All the data should be repeated exactly. Any image in it is left out.

## Collected material

▼▼▼

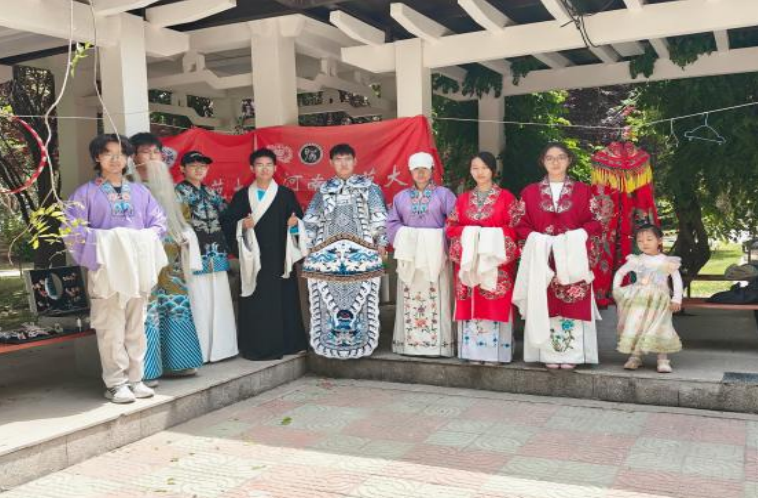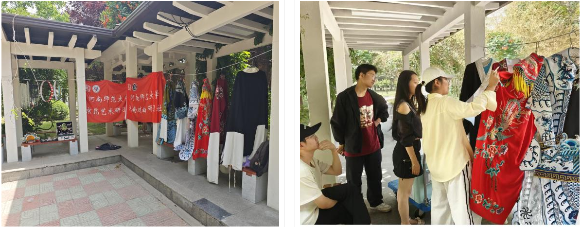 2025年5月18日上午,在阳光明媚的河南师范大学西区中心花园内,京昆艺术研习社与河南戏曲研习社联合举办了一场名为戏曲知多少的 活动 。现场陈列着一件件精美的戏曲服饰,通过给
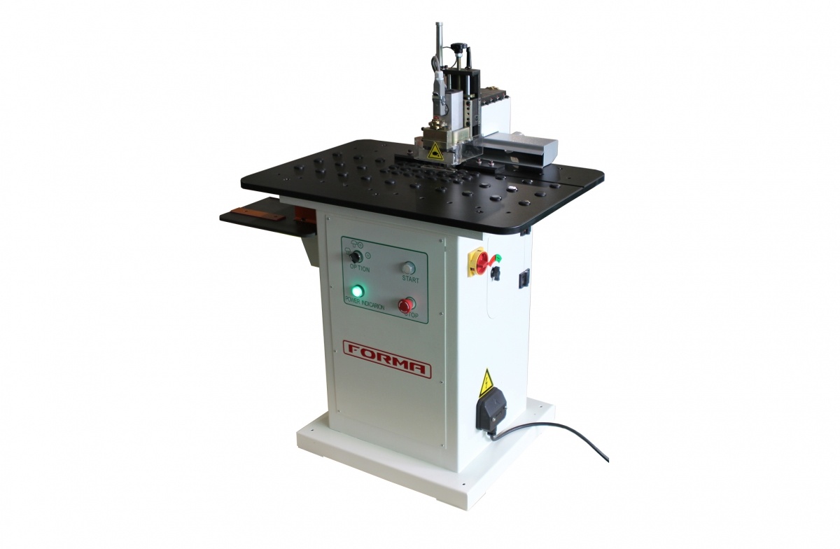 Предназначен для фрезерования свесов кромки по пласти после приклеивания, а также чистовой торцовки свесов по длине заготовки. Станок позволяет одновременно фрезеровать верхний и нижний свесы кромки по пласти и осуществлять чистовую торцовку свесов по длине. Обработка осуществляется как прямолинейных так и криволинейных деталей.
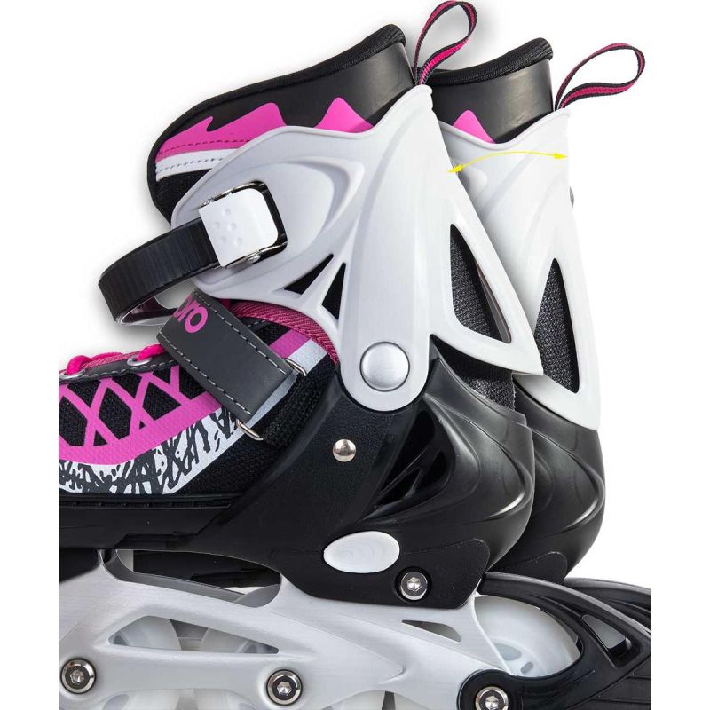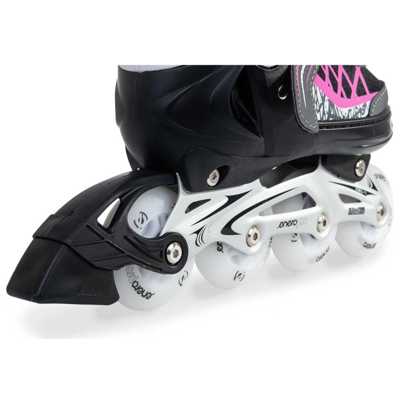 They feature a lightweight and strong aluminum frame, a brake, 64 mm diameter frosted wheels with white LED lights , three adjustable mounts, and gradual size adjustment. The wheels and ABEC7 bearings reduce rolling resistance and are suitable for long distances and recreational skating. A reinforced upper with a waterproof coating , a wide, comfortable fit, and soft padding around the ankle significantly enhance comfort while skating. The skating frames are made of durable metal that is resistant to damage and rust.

▲▲▲

## Expected output
 2025年5月18日上午,在阳光明媚的河南师范大学西区中心花园内,京昆艺术研习社与河南戏曲研习社联合举办了一场名为戏曲知多少的 活动 。现场陈列着一件件精美的戏曲服饰,通过给
 Предназначен для фрезерования свесов кромки по пласти после приклеивания, а также чистовой торцовки свесов по длине заготовки. Станок позволяет одновременно фрезеровать верхний и нижний свесы кромки по пласти и осуществлять чистовую торцовку свесов по длине. Обработка осуществляется как прямолинейных так и криволинейных деталей.
 They feature a lightweight and strong aluminum frame, a brake, 64 mm diameter frosted wheels with white LED lights , three adjustable mounts, and gradual size adjustment. The wheels and ABEC7 bearings reduce rolling resistance and are suitable for long distances and recreational skating. A reinforced upper with a waterproof coating , a wide, comfortable fit, and soft padding around the ankle significantly enhance comfort while skating. The skating frames are made of durable metal that is resistant to damage and rust.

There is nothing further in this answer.